His Staffel, which had been flying a tight formation around him, peeled away to give him the necessary room to manoeuvre. Marseille rolled his aircraft onto its back, the standard procedure for a bailout, but due to the smoke and slight disorientation, he failed to notice that the aircraft had entered a steep dive at an angle of 70–80 degrees and was now travelling at a considerably faster speed (about 640 km/h). He worked his way out of the cockpit only to be carried backwards by the slipstream.

The left side of his chest struck the vertical stabiliser of his fighter, which either killed him instantly or rendered him unconscious to the point that he could not deploy his parachute. He fell almost vertically, hitting the desert floor 7 km south of Sidi Abdel Rahman. A gaping 40 cm (16 in) hole had been made in his parachute and the canopy spilt out. After recovering the body, the parachute release handle was still on "safe," suggesting Marseille had not attempted to open it. Whilst the body was checked, a regimental doctor noted Marseille's wristwatch had stopped at exactly 11:42 am. The doctor was the first to reach the crash site, having been stationed just to the rear of the forward mine defences. He had also witnessed Marseille's fatal fall.

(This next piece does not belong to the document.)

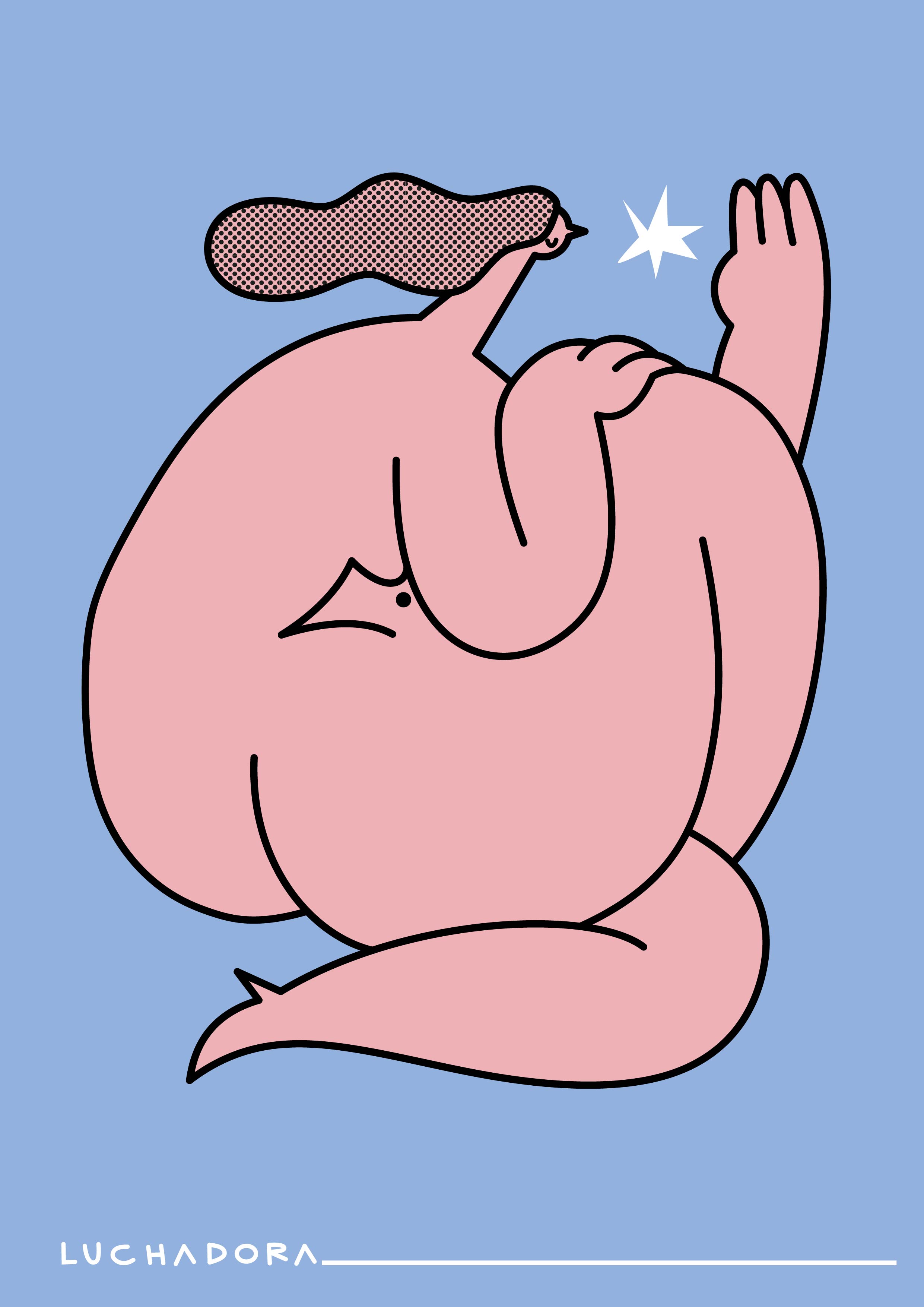 La mostra si configura come una micro-esposizione di Alessandra Marianelli, in arte Luchadora. Vengono esposti 16 poster illustrati, frutto di precedenti collaborazioni, commissioni private e progetti personali. Al centro delle raffigurazioni: corpi di donne che non si conformano allo stereotipo estetico-dominante, forme che diventano manifesto non solo pubblicitario, ma politico, sociale e culturale. La forma espressiva di ogni corpo, così come la scelta dell’inserimento di un testo, diviene un messaggio che va oltre le convenzioni di bellezza, scavalcando l’ostacolo dello stereotipo e dello stigma. Con un tratto lineare e morbido e una palette di colori essenziali mette in risalto azioni di lotta e gesti quotidiani. Nelle sue composizioni, come negli intenti, il corpo è centrale e messo in evidenza da contrasti cromatici, tinte piatte e texture. Le sue forme semplici e sensuali non si limitano a riempire lo spazio del poster, ma invadono, straripano, occupano.

The autopsy report stated:

"The pilot lay on his stomach as if asleep. His arms were hidden beneath his body. As I came closer, I saw a pool of blood that had issued from the side of his crushed skull; brain matter was exposed. I then noticed the awful wound above the hip. With certainty, this could not have come from the fall. The pilot must have been slammed into the airplane when bailing out. I carefully turned the dead pilot over onto his back. opened the zipper of his flight jacket, saw the Knight's Cross with Oak Leaves and Swords (Marseille never actually received the Diamonds personally) and I knew immediately who this was. The paybook also told me. I glanced at the dead man's watch. It had stopped at 11:42."

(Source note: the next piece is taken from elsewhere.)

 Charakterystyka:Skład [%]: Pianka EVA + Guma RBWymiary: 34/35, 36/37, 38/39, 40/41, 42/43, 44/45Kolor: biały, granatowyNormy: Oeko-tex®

Oberleutnant Ludwig Franzisket collected the body from the desert. Marseille lay in state in the Staffel sick bay, his comrades coming to pay their respects throughout the day. Marseille's funeral took place on 1 October 1942 at the Heroes Cemetery in Derna with Generalfeldmarschall Albert Kesselring and Eduard Neumann delivering a eulogy. Marseille was succeeded by Oberleutnant Jost Schlang as Staffelkapitän of 3. Staffel.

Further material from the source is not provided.